Dataset content =

*-*-*

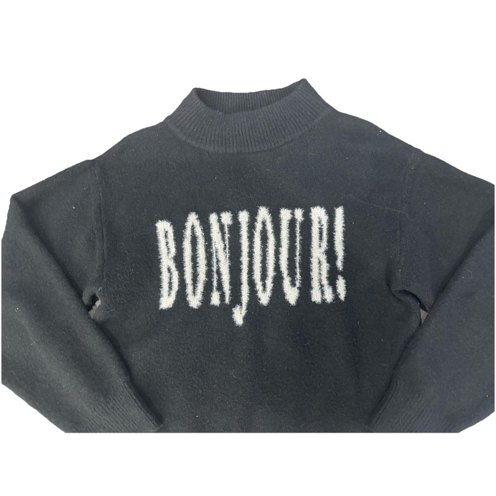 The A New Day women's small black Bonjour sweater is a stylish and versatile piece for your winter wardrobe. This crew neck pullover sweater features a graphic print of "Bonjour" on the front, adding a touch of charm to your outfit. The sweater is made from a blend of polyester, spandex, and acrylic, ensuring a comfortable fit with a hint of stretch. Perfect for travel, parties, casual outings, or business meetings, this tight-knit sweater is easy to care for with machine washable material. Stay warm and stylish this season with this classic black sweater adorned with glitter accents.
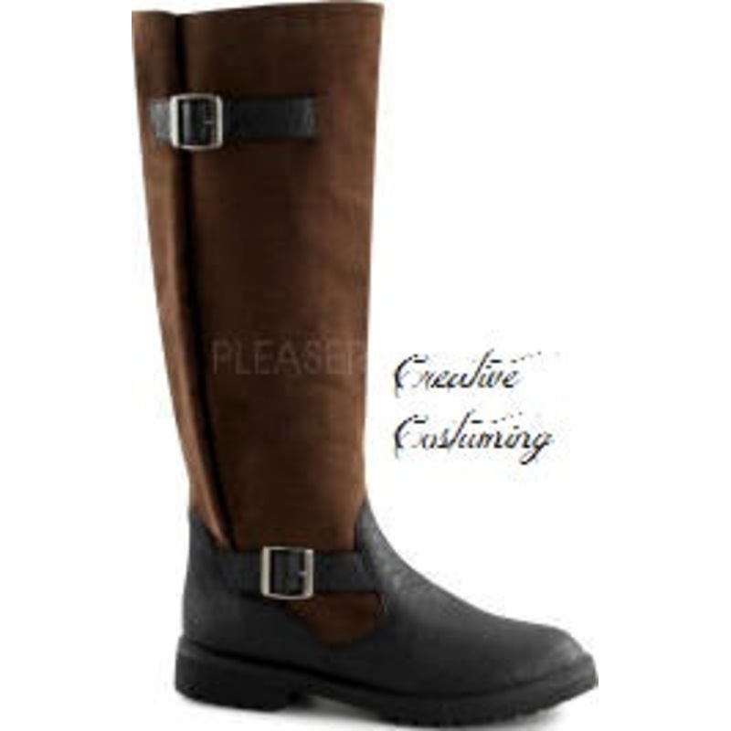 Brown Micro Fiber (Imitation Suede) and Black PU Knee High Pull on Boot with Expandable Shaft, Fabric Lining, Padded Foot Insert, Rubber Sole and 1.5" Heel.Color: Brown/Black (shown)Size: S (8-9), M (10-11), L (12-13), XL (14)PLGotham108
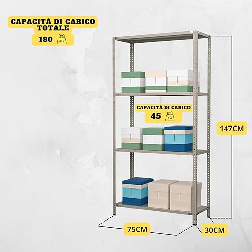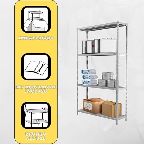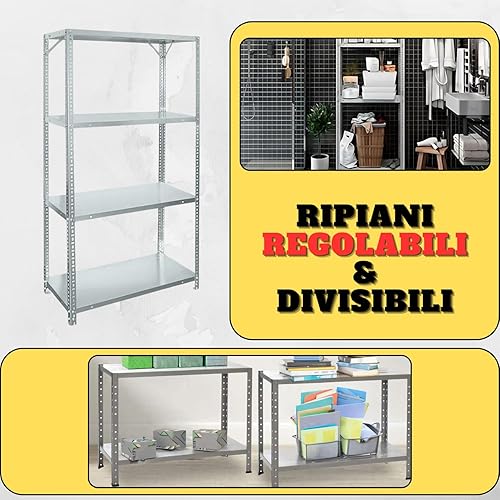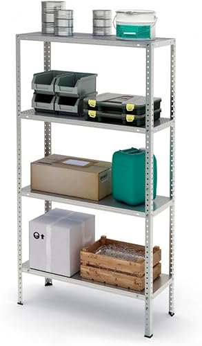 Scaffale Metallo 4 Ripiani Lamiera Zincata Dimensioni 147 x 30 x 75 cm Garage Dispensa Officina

*-*-*

Task instructions =
Would you copy, exactly, each line from the start of the listing above through the line with "Brown Micro Fiber", both ends included, but none of the pictures?

Answer to the problem =
 The A New Day women's small black Bonjour sweater is a stylish and versatile piece for your winter wardrobe. This crew neck pullover sweater features a graphic print of "Bonjour" on the front, adding a touch of charm to your outfit. The sweater is made from a blend of polyester, spandex, and acrylic, ensuring a comfortable fit with a hint of stretch. Perfect for travel, parties, casual outings, or business meetings, this tight-knit sweater is easy to care for with machine washable material. Stay warm and stylish this season with this classic black sweater adorned with glitter accents.
 Brown Micro Fiber (Imitation Suede) and Black PU Knee High Pull on Boot with Expandable Shaft, Fabric Lining, Padded Foot Insert, Rubber Sole and 1.5" Heel.Color: Brown/Black (shown)Size: S (8-9), M (10-11), L (12-13), XL (14)PLGotham108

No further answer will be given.